Opinion

THE FUTURE IS HERE

Jewish educators need a seat at the AI table

In early July, the American Federation of Teachers announced plans for an AI training center for educators, powered by $23 million in funding from Microsoft, OpenAI and Anthropic, three of the leading forces in the world of artificial intelligence. According to The New York Times, one of AFT President Randi Weingarten’s objectives in pursuing this initiative is “to ensure that teachers have some input on how AI tools are developed for educational use.” In other words, if you aren’t part of the conversation, you risk being irrelevant.

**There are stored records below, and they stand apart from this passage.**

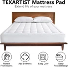 Soft and Comfortable. Overfilled with 4D spiral fiber which traps air that enables the mattress pad to breath and keep its shape longer. Our Quilted Mattress Pad helps your expensive mattress last longer by protecting it from stains and general wear and tear, all while providing you an extra layer of comfort. Breathable and Cool to Touch. Made of high quality materials, the top surface will wick away any moisture or sweat, offering cozy and breathable sleeping environment. Cool and silent protection that doesn't disrupt your valuable sleep, makes you sleep well all night. Deep Pocket and Machine Washable. Deep pocket design effortlessly grips any mattress up to 21" and gives a smooth appearance once you applied. Constructed with beautiful quilted box pattern style to prevent fill from shifting. Tests show that it will keep shape even after more than 109 times machine washing. What You Can Get: Mattress pads are available in Twin 39" x 75", Twin XL /Twin Extra Long 39" x 80", Full 54" x 75", Queen 60" x 80", King 78" x 80" and California King 72" x 84". Customers' satisfaction is our top priority. Open Steps: Since it’s delivered in compressed package, it may look thinner than expected, please do the following steps before use: 1.Take out mattress pad. 2.Shake and pat it. 3.Tumble dry on low heat for 20 minutes. 4.It will take its shape and you will get a soft mattress pad.If you have any issues, please contact us anytime, and we will do our best to resolve them promptly. Product Description 1 Usage Steps 2 Colors 3 Mashine Washable 4 Sizes Is this mattress pad waterproof? NO. It's not waterproof,but it will protect your mattress form stains, keep your stay comfortable while preserving the life of your mattress. Will this mattress pad keep me cool? YES. This mattress pad does not generate heat, it will absorb moisture and keep you cool and dry. Perfect choice for hot memory foam. My mattress is too firm, I'm looking for something to make it much softer like a pillowtop, will this do it? This mattress pad do offer an extra layer of comfort but if you want a really soft deep lush bed, we advice you put this mattress pad on your 2 or 3 inch memory foam topper, it will make your bed heaven. MATTRESS PAD+ GEL MATTRESS TOPPER= HEAVEN! Will it flatten after a long time use? Overfilled 4D spiral fiber keeps this mattress pad fluffy for a long time. Even though it flatten some, just tumble dry on low heat for 20mins, it will regain fluffiness. Will TEXARTIST help me with my issue? TEXARTIST service team will always offer immediate answers to customers and fix problems.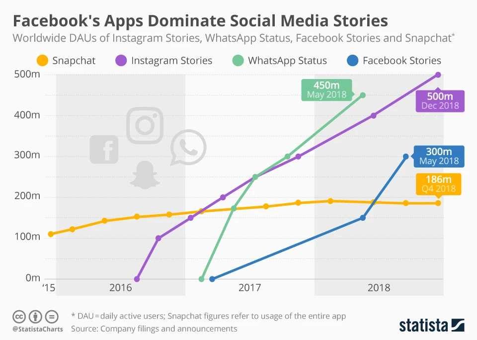 Der eigentliche Konkurrent für Snap ist aber nicht Twitter sondern Facebook. Der Social-Media-Gigant hat 2,3 Milliarden aktive Nutzer. Zum Vergleich: Snap kommt gerade einmal auf 186 Millionen. Und Facebook kopiert erfolgreich die Funktionen von Snapchat auf allen seinen Plattformen. Während das Wachstum der geteilten Storys auf Instagram, WhatsApp und Facebook überzeugt, bleibt die Zahl bei Snap nahezu konstant. Doch besonderes in den Storys lässt sich mit geschalteter Werbung viel Umsatz generieren.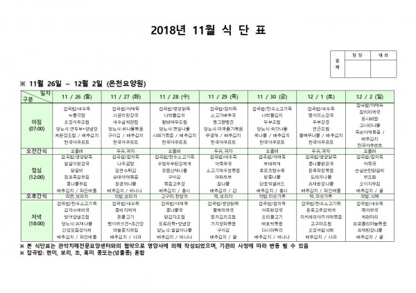 11월 4주째 식단표 페이지 정보 작성자 은천노인복지회 작성일18-12-07 09:38 조회206,077회 댓글0건 관련링크 이전글 다음글 목록 답변 본문 11월 4주째 식단표 이전글 다음글 목록 답변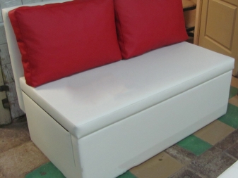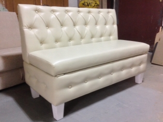 Това парче мека мебел не само ще направи кухнята по -уютна, но и ще помогне за създаването на удобни места за сядане на масата през деня, а през нощта, ако е необходимо, ще се превърне в място за спане. За по -лесно използване винаги има място за съхранение на кухненски прибори под седалката на дивана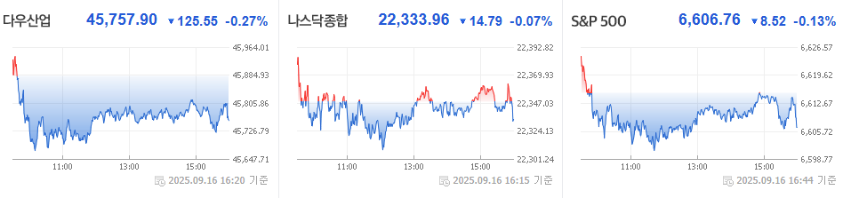 2025년 9월 16일 미국 증시는 하락 이었습니다.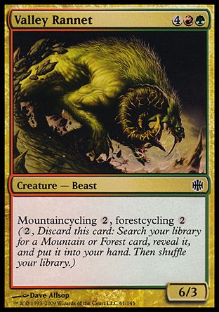Mountaincycling {2}, forestcycling {2} ({2}, Discard this card: Search your library for a Mountain or Forest card, reveal it, and put it into your hand. Then shuffle your library.)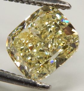 Our in store diamond database contains close to 700,000 diamonds from the world’s largest cutting factories, but only around 2,800 are fancy yellow diamonds. Of those, only around 50 are this size or larger and of the same or better quality. That works out to less than 1 per every 100,000 diamonds. Diamonds like this are not readily available or replaceable. Yellow diamonds occur when trace amounts of nitrogen are present when the rough diamond crystal formed billions of years ago. This yellow diamond is of Internally Flawless (IF) clarity.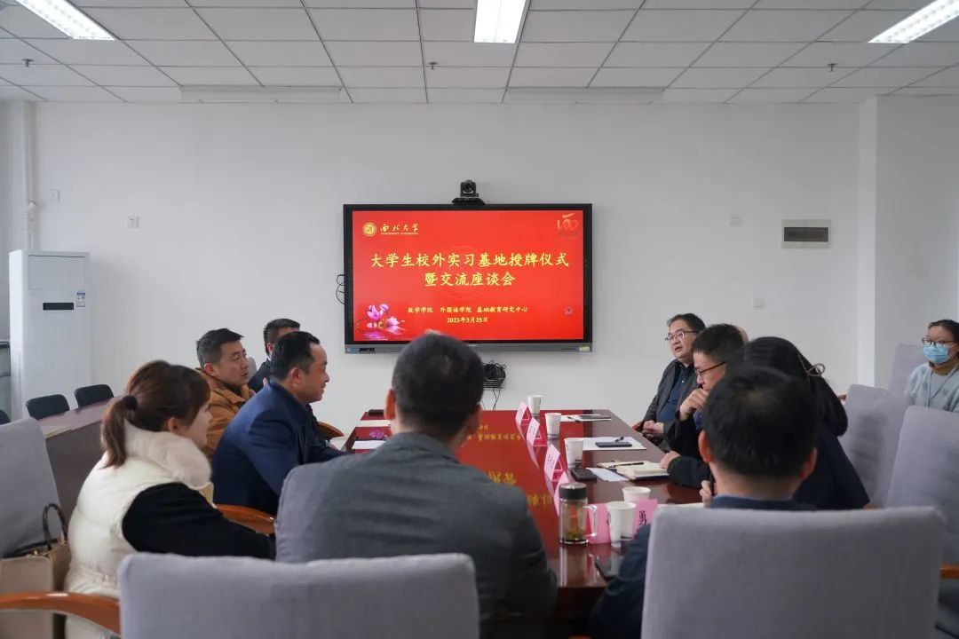 为贯彻中省关于高校毕业生就业工作的决策部署,落实就业工作“一把手”工程,主动对接用人单位,深化多方合作,3月25日上午,数学学院、外国语学院、基础教育研究中心联合承办的大学生校外实习基地授牌仪式暨访企拓岗交流座谈会在东学楼317会议室举行。西咸新区黄冈泾河学校总校长唐才畏,高新第五高级中学办公室主任马金,高新区第十一初级中学办公室主任江潮,高新区第三初级中学办公室副主任仝垚伟,外国语学院党委书记王军、副书记刘建波,基础教育研究中心常务副主任杨馥宁,数学学院党委书记李长宏、副院长邵勇以及毕业班辅导员参加了本次活动。数学学院党委副书记田和军主持仪式。

Unfortunately, since the AFT does not represent Jewish studies teachers employed by private schools, they will not have a seat at this particular table. So, unless we Jewish educators arrange an alternative venue, those responsible for transmitting Torah’s ancient messages to the next generation of Jewish learners will need to do so without explicit encouragement from the titans of Silicon Valley. But these companies have made their tools available to everyone, so even if we need to create our own table, stakeholders in Jewish schools owe it to the future of Jewish education to engage with the promise and the perils of artificial intelligence. 

Here’s why. 

The possibilities for supercharging our classrooms are real, but disruptions to education as we know it run very deep, threatening to undermine the skills and sensibilities that we as Jewish educators most want to instill in our students. “The greater the work, the greater the reward” is a famous Talmudic aphorism, but the appearance of large-language models (LLMs) such as Claude or ChatGPT may mean we have to re-think the nature of both the work and the reward. Indeed, from basic skills of decoding Jewish texts to what it means to display mastery over the content, so much is shifting.

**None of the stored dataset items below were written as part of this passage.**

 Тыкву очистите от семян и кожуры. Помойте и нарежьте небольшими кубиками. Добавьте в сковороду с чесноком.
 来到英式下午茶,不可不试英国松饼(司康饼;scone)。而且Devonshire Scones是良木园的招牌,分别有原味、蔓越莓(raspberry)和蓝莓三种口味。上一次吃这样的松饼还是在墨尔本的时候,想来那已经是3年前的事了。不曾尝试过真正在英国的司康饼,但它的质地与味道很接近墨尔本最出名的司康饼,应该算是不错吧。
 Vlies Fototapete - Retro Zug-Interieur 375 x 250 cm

AI’s potential for supporting students and educators alike is tremendous. Already, LLMs the dozens of tools they power hover in the cloud around us all, ready to assist both teachers and students. They can help with researching, writing, grading, creating lesson plans, creating or answering homework questions or other assessments, and breaking down language barriers. LLMs can summarize long passages, or reframe them in simpler language — and they will do it all politely, cheering your prompts and validating your feelings. A chatbot will never get tired or run out of capacity for answering students’ questions, and will continue to do so many hours after the teacher has shut down their email for the night. 

The scary thing about AI is that it makes stupid tasks easy, and it also makes not-so-stupid tasks easy — or at least, easy to complete. LLMs can provide bespoke essays in seconds, but the essays were never the point. Students do not learn the thought processes that writing essays was designed to train. It probably shouldn’t take a study from Carnegie Mellon and Microsoft to demonstrate that using critical thinking faculties less frequently weakens those mental muscles.

Great educators, though, blend an understanding of their students’ worlds with their own broader perspectives, helping learners figure out how to become smarter and wiser. Knowing more than your students is not sufficient. A teacher also needs an accurate sense of what their students understand about the world, what they don’t yet grasp, and how to bridge that gap. 

Educators need to invite students into the experience, and give them the muscle memory of working through problems on their own. You can’t learn to play basketball from a classroom lecture; and if AI does all the jumping for you, your legs will never get strong enough to sink a dunk, either. Sensing what learners need to be able to do and figuring out how to get them out doing it in the real world is part of what great educators do best. 

Education in general and Jewish education in particular is facing an almost unprecedented challenge. But the good news is that teachers have the perfect resource on hand to help them. Never mind colleges, students in middle or high school know how to use LLMs. However, they lack the wisdom to know how best to implement it, and that’s where educators come in. When can I rely on artificial intelligence, and when is the human variety a better choice? Is using ChatGPT like using Grammarly or spell check, or is it cheating? What am I giving up when I use these tools, and what am I gaining? 

Teachers tasked with bringing Torah to the TikTok generation can only be successful at sparking real learning among their students if we face these new tools head-on and together. Teachers and students alike need to be educated about AI: What it is (a powerful probability engine), what it isn’t (a mind), what it can do (make infinite suggestions) and what it cannot do (know when it’s right). They need to understand its ubiquity (Do you Google information? If so, you are already using AI), its power and the potential it holds for all of us.

The Gemara in Ta’anit encapsulates a central truth about the gift of being a teacher: “Rabbi Hanina said: I have learned much from my teachers and even more from my friends, but from my students I have learned more than from all of them.? Often, this beautiful sentiment comes laden with a kind of false humility; teachers give over wisdom and years of accrued information, and students refine our knowledge with their probing questions or provide personal exemplars that inspire us. When it comes to the AI revolution, the learning curve is steep and the students are climbing it with us, perhaps even a step ahead. All the stakeholders in Jewish education have the opportunity to leverage these new tools, together, and to take advantage of the ways that they can enhance our shared learning experience. 

Sara Wolkenfeld is the chief learning officer for Sefaria.